Flaherty proposed a national telethon as a way to reach as many donors as possible. The Olympics were scheduled for July 19-Aug. 3 and the day for the athletes to depart was coming up fast.
Flaherty talked the telethon idea over with Hope and then wrote Avery Brundage (seen left), president of the U.S. Olympic Committee, in Chicago. When Brundage ventured to California in May while Hope and Crosby were filming "Road to Bali," Flaherty brought the trio together at Paramount.
"You can be assured we're going to have a show for you, Mr. Brundage," Hope declared.
"You can count me in, too," Crosby said. "I'll do anything I can to help. That's a promise."
"This is the most wonderful thing that ever happened to us," Brundage would say later.
Flaherty's newspaper was owned by William Randolph Hearst, and sportswriters and editors at Hearst newspapers across the country were put to work as cheerleaders to promote the coming event. Bill Corum of the New York Journal-American and a friend of Hope and Crosby was given the role of national chairman of the telethon's sports committee.
"Never before," noted Brundage, himself a former Olympic athlete, "did a team have the entire country behind it as did the one that went to Helsinki."
"I can't think of a more united effort in all of Hollywood history than that one day," says Johnny Grant, a veteran broadcaster who was on the stage at the El Capitan. "Now during the war, World War II, Hollywood was certainly united, but I meant for a sports event or something other than the war, this was the day."

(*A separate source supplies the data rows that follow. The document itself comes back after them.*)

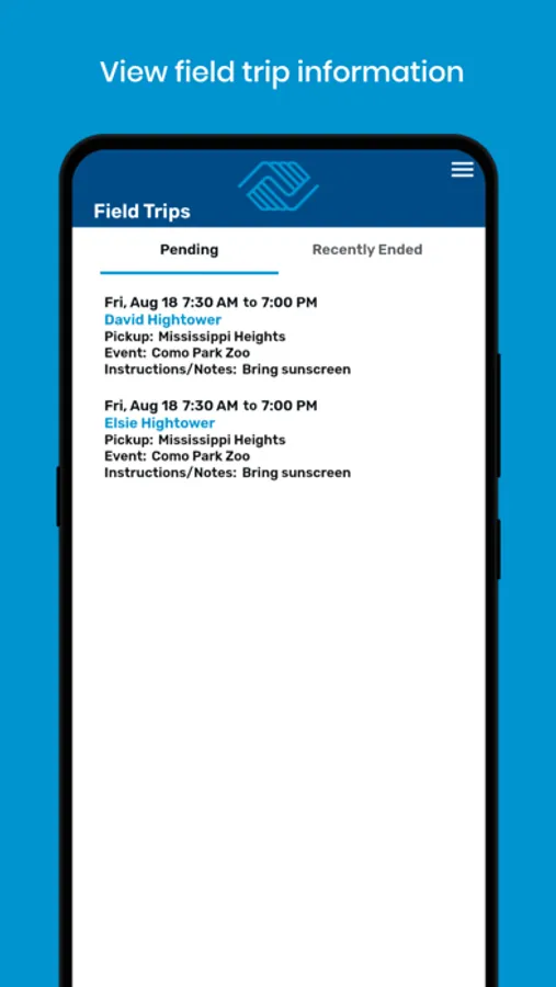 - View upcoming field trips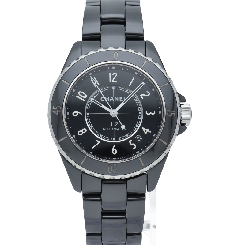 シャネルの人気フラッグシップウォッチで「J12」。異素材で傷がつきにくく独特な光沢感をもつセラミックをうまくデザインに融合させた1本。ムーブメントには高精度で70時間のロングパワーリザーブを確保した自社開発キャリバー12.1を搭載しています。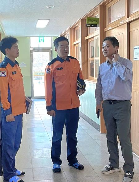 이날 윤진희 서장은 산청고 교장과 함께 시험장의 안전관리 상태를 점검하고 사고 발생 시 따라야 할 대피 동선을 중점적으로 확인했다.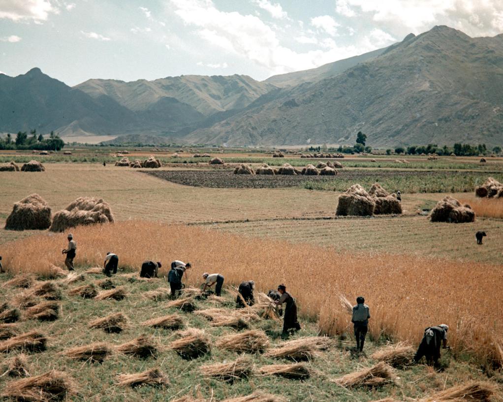 1965年8月,林芝縣(現為林芝市)立定鄉(xiāng)組織農民收割青稞。新華社記者 馬競秋 攝

Known as the honorary mayor of Hollywood, Grant helped telethon producer Norman Blackburn round up star power to appear. The stars appeared for free, drawn to the telethon because the Hollywood community had decided America's athletes were going to the Olympics.
"Hollywood had made up its mind that they were going to go," Grant says, "and when Hollywood makes up its mind, look out. The floodgates are open. When the whole community gets behind a project, there's nothing they can't do."
The stars lined up behind the telethon. Bud Abbott and Lou Costello. Spike Jones and his orchestra. Humphrey Bogart. Marilyn Monroe. George Burns and Gracie Allen. June Allyson. Eddie "Rochester" Anderson. Rosemary Clooney. Joan Crawford. Tony Curtis. Janet Leigh. Zsa Zsa Gabor. Dean Martin and Jerry Lewis. Margaret O'Brien. Edgar Bergen. Tex Ritter. Edward G. Robinson. Frank Sinatra. Ed Sullivan. Johnny Weismuller. The list goes on and on.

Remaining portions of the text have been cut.